最近ネットとアニメの距離が近くなり過ぎているという話
ネットの雰囲気や空気が変わったという聞き飽きた常套句だが同様にアニメオタク文化も変容してきているように思う。
特に今のアニメはとにかくネットと声優が前提だと印象を感じる。
いわゆる「アニメがネットのコミュニケーションツール化した」という話であり、日常アニメをSNSという空間で"共有"するだけの時代になったことは否めないだろう。
そしてそのあとに「声優」という名の実質アイドルを応援するための入り口に過ぎない作品が増えた。
ネットの声優についての話で「最近の声優至上主義はあまり好きじゃない、みんな結局三次元が好きなんだなって」と言ってる人がいたのだが、それに凄く共感した自分がいる。
二次元に萌えるという文化からアイドル感覚の声優を応援するためのツールになって、それをSNSで共感しあうためただの材料や素材になったのが今のアニメのように思う。
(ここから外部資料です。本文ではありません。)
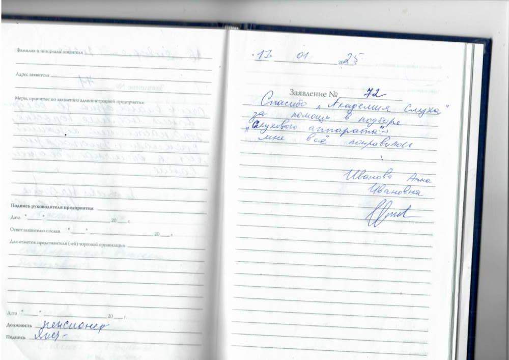 Я, Сабанова Любовь Федоровна, приобрела сегодня слуховой аппарат. Очень довольна обслуживанием, вежливо, приветливо. Желаю всем здоровья, счастья в наступающем году.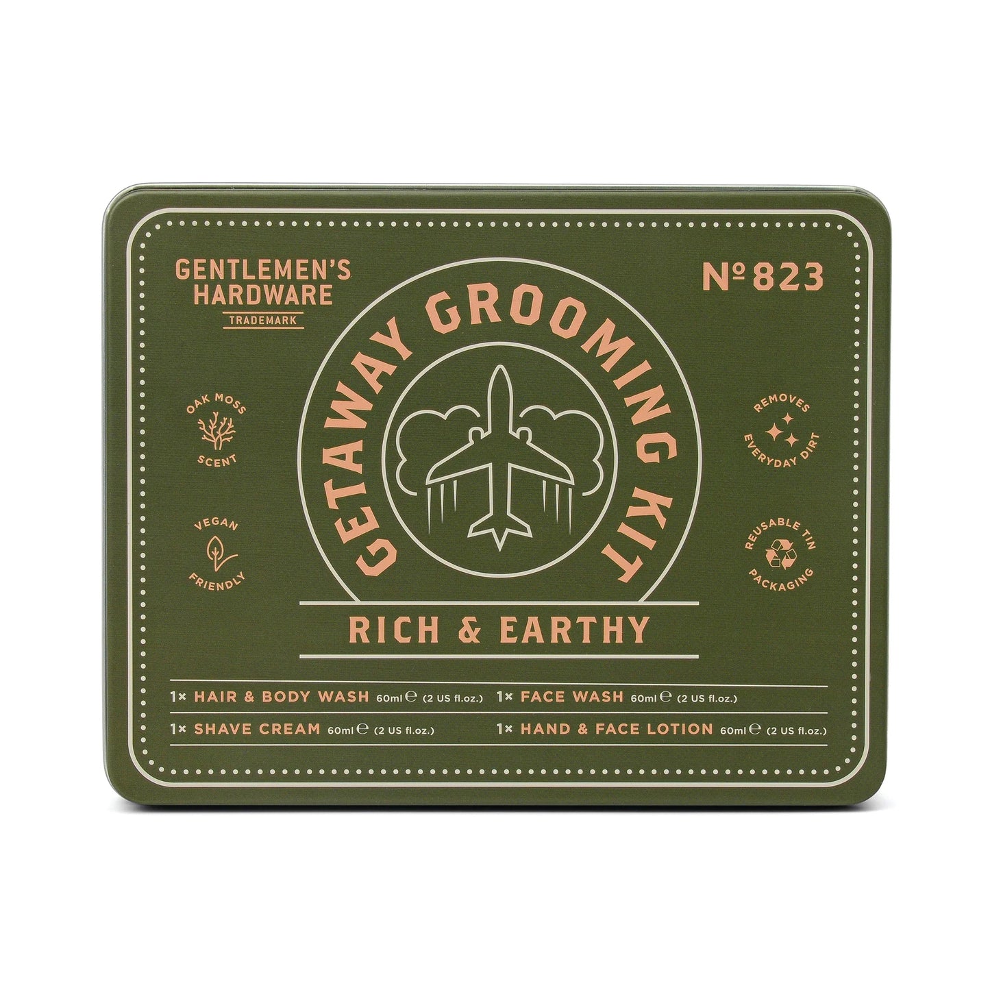 Equipped with 3-in-1 Wash, Shaving Cream, Face Wash, and Hand & Face Lotion, this compact kit has everything you need to look and feel your best. With vegan-friendly ingredients and an intoxicating Oak Moss scent, this kit makes the perfect gift or travel accessory, stored neatly in a reusable tin.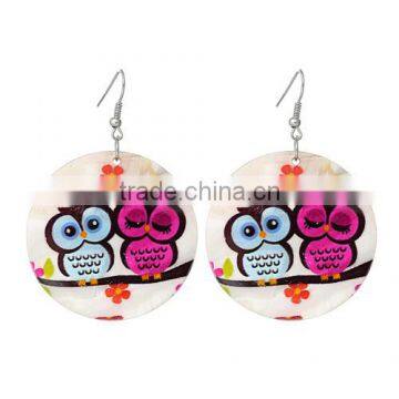 Silver Tone Hook Round Blue & Fuchsia Halloween Owl Pattern Fashion Shell Dangle Earrings 6.5cmx4.5cm
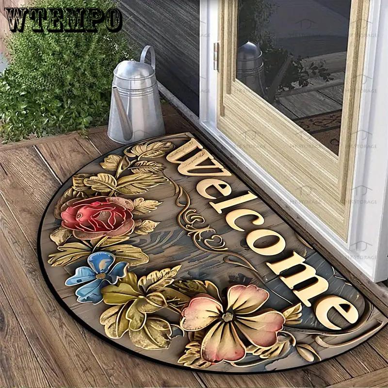 Полукруглый придверный коврик Легкий в уходе Противоскользящий коврик для ног Бытовой напольный коврик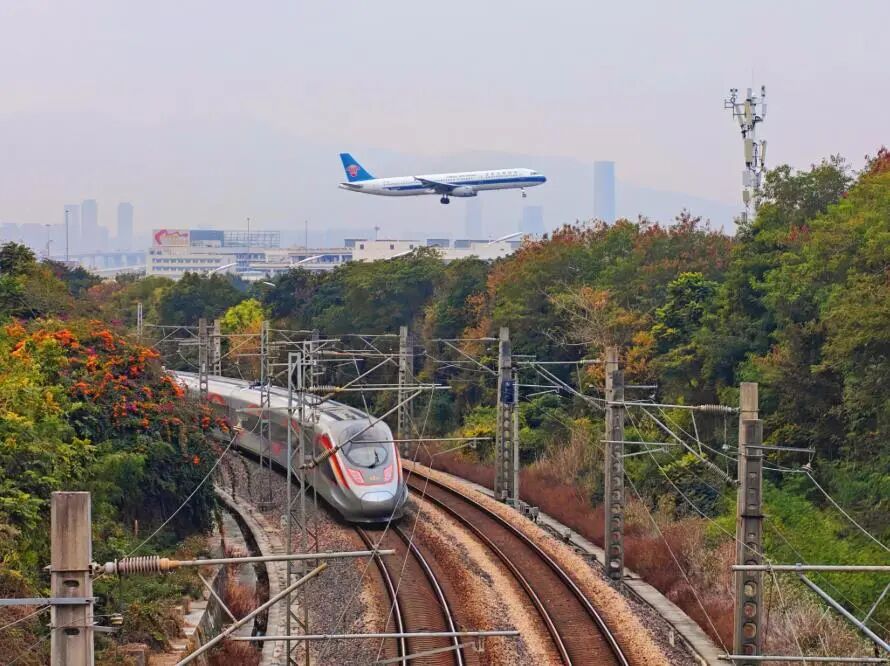廈門島內(nèi)鷹廈線路上,紅色復興號與藍色飛機同框。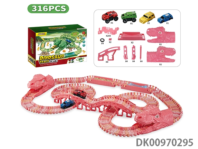 Jurassic world 3: rule - pink dinosaur assembled track electric vehicle (equipped with 2 electric vehicles, replaceable car shell, 280 track pieces) the electric vehicle needs 1 aaa battery, and does not pack electricity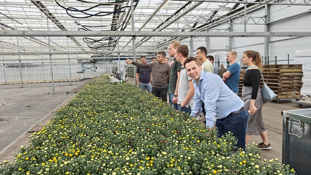 In de kas stonden op het moment violen, primula, potchrysanten en kerststerren. Daarnaast stond op 15 hectare een teelt met tomaat voor de lokale markt, een unieke combinatie. Binnen het bedrijf zijn er diverse processen volledig geautomatiseerd en wordt er gebruik gemaakt van een eigen app met alle informatie over personeel, orders, teelt en energie. Als afsluiter mochten we nog een kijkje nemen in de biomassacentrale. Deze biomassacentrale draait volledig op snoeiafval uit de regio en voorziet op deze manier de kwekerij van warmte en elektriciteit.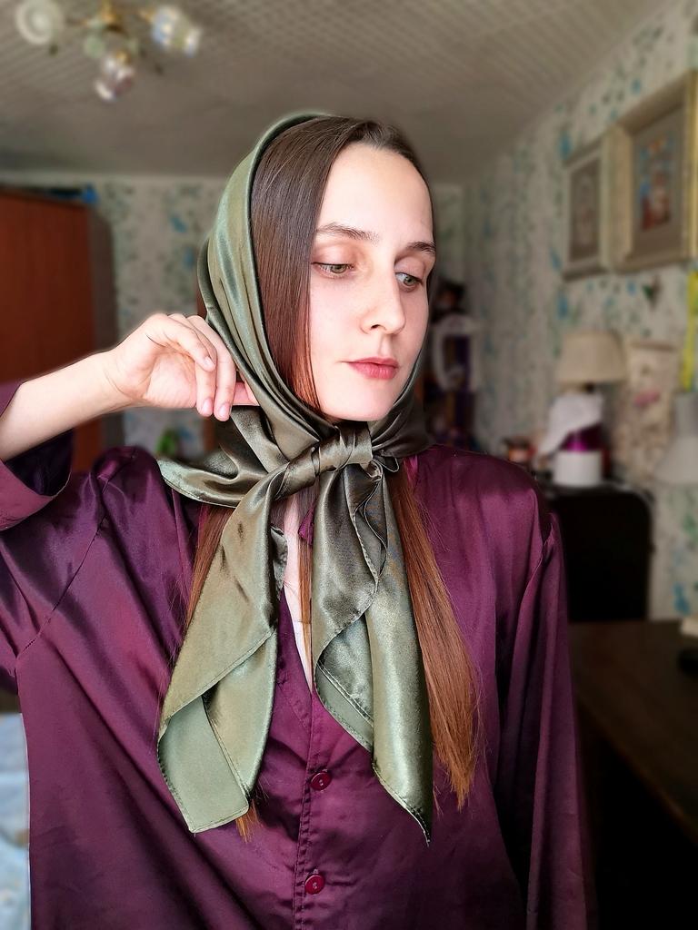 Большой шёлковый платок 🧕 ➕ ПРОМОКОД - 5 % от меня 😉 🔥 IHQVL4SSCA 🔥 На самом деле это сатин, потому что шёлк так дёшево не стоит. Главное, что ткань очень мягкая, приятная и совсем не мнется 💯 Люблю платки за то, что благодаря им можно удачно разнообразить свой образ. ❇️ Длина - 90*90 см. ❇️ Швы ровные. ❇️ Ткань достаточно плотная. После стирки стяжек не образовалось. ❇️ У меня платок в темно-зелёном цвете. В подборке у продавца представлено 24 цвета на выбор. 🚚 Доставка до Саратова 1 месяц. Трек номер отслеживался 🕵️♀️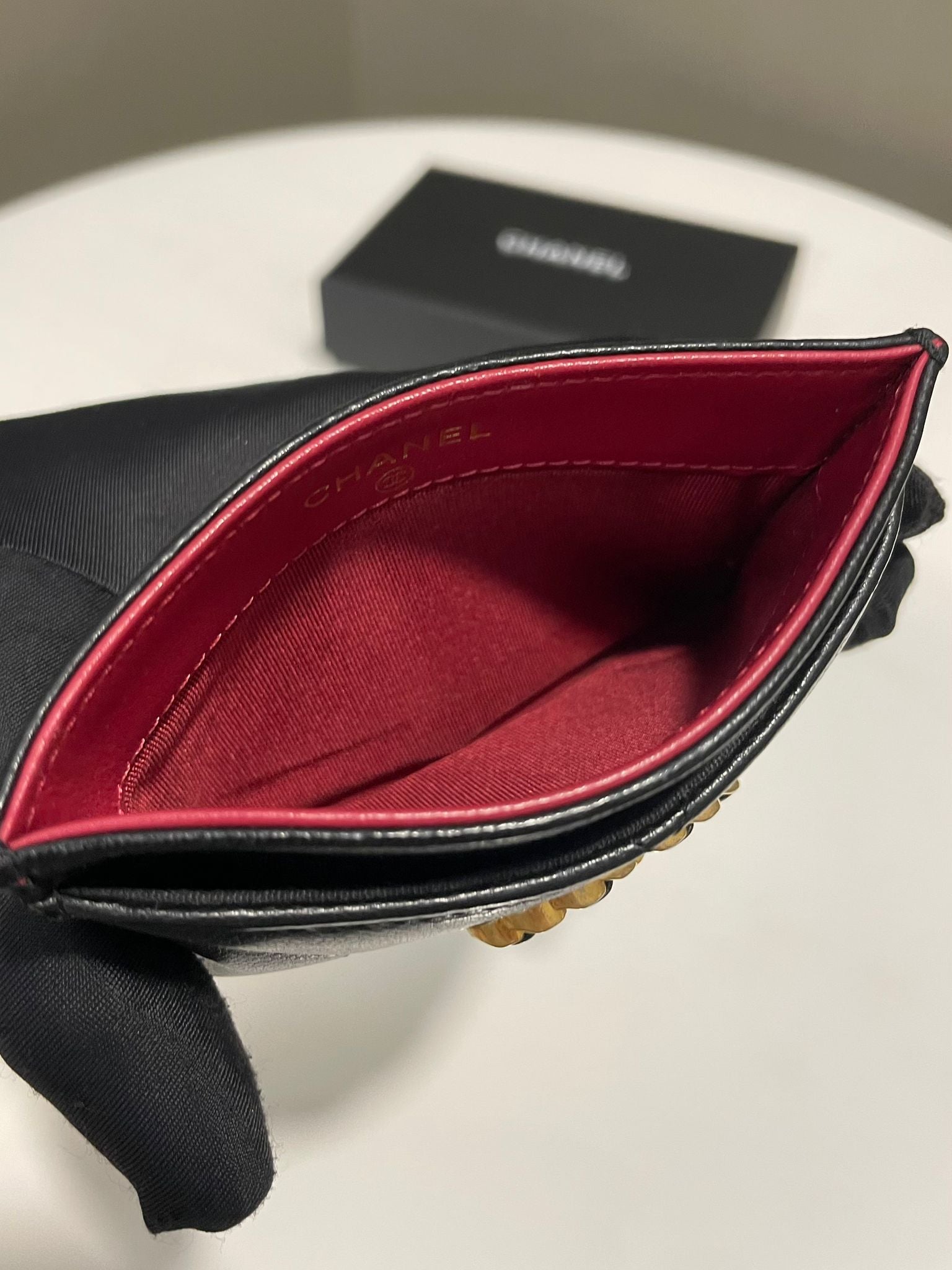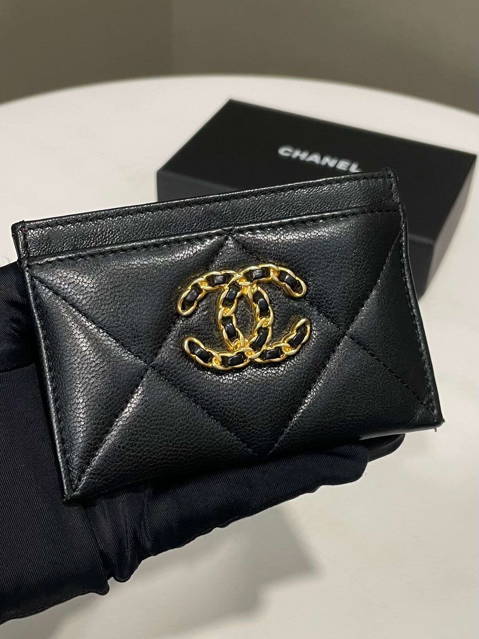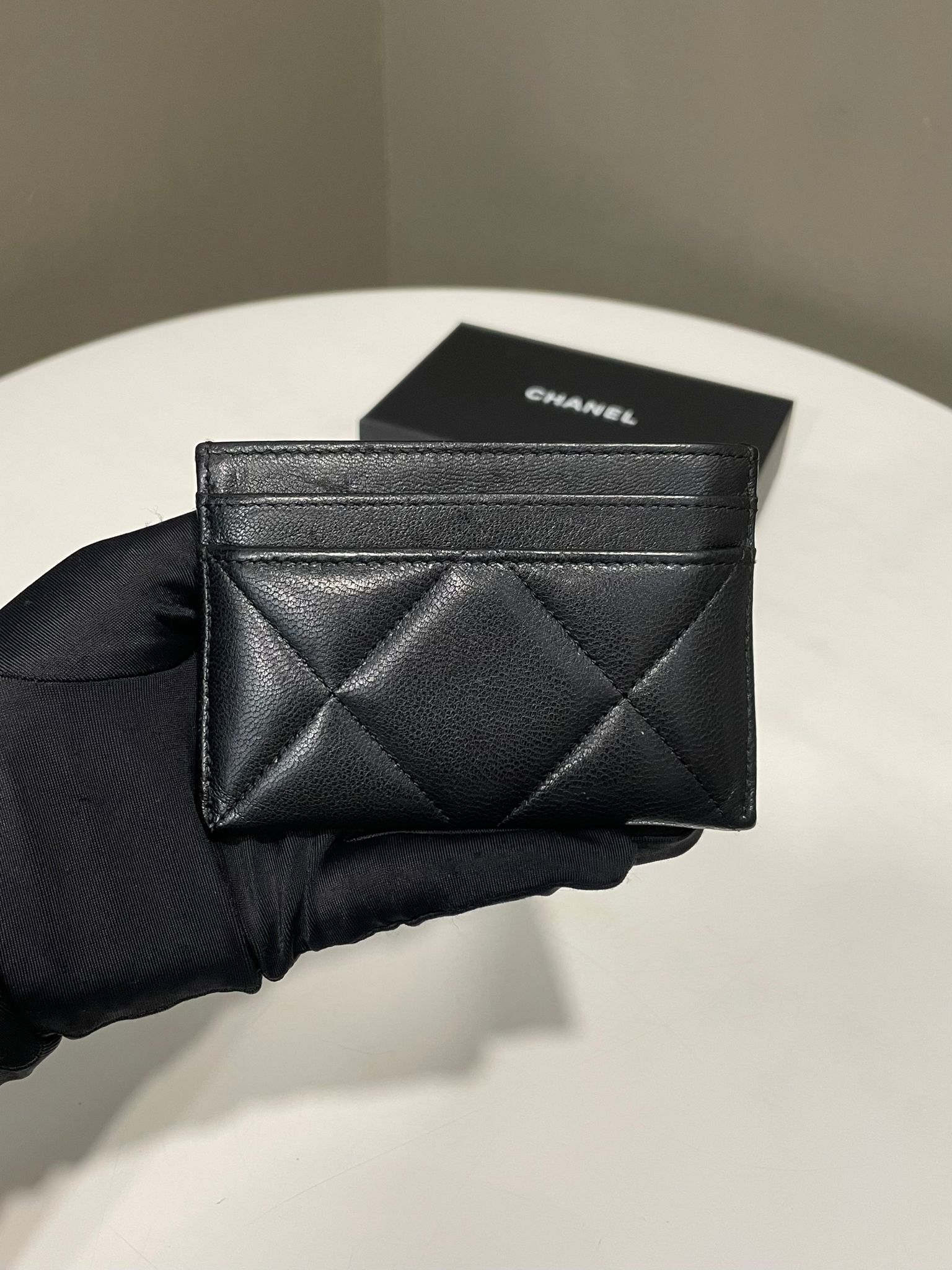 Chanel 19 Quilted Cc Logo Card Holder Black Lambskin

アニメは本当はどうでもよくてそこに生じるコミュニケーションや流行が重要になった。
「ネット民ならアニメオタクで当然、嫁議論してナンボ」みたいな空気なくなって深夜アニメが全然話題にならなくなったのも、二次元を自分の嫁扱いすることがオタク文化の最先端ではなくなったからだろう。
アニメの話をするときに声優トークとSNSやまとめサイトというコミュニティが必須になってしまった。むしろ今時アニメを真面目に見てその世界にガチで傾倒する文化ではなくなってきている。
いわば2次元というアニメの世界ではなくみんなもう普通に3次元の世界にいる時代になってしまって、かつてのようなアニメ=理想の世界ではなくなったし壮大なアニメを作れなくなった。そしてそんなアニメを見る人もいなくなった。結局SNSの短い会話や一体感のレベルにはちょうどいい日常アニメの時代になった。
つまり最近のアニメファンの文化は二次元の世界がすべてというわけではなく、「声優」と「SNS」という三次元の世界に片足は残しながら半分だけ二次元の世界に使っているという時代になっている。
ガチで二次元に傾倒するような古典的タイプのオタクは減少しつつあり、それゆえに今のアニメ界がどうもコアではなくなってきている。
芸能人にしてもアニメにしてもゲームにしてもその理想世界よりも、そこに発生する副次的なコミュニティやコミュニケーションが重要視されカジュアルであることが求められる3C(Community Communication Casual)の時代になっている。
自分だけの理想世界の追求や傾倒よりも、距離感の近さや親近感を求めている。ある意味誰もが孤独になっている時代の中で"誰か"を求めているのかもしれない。アニメという架空の世界よりも、そのアニメを見ている仲間のほうが親近感を抱けるのだ。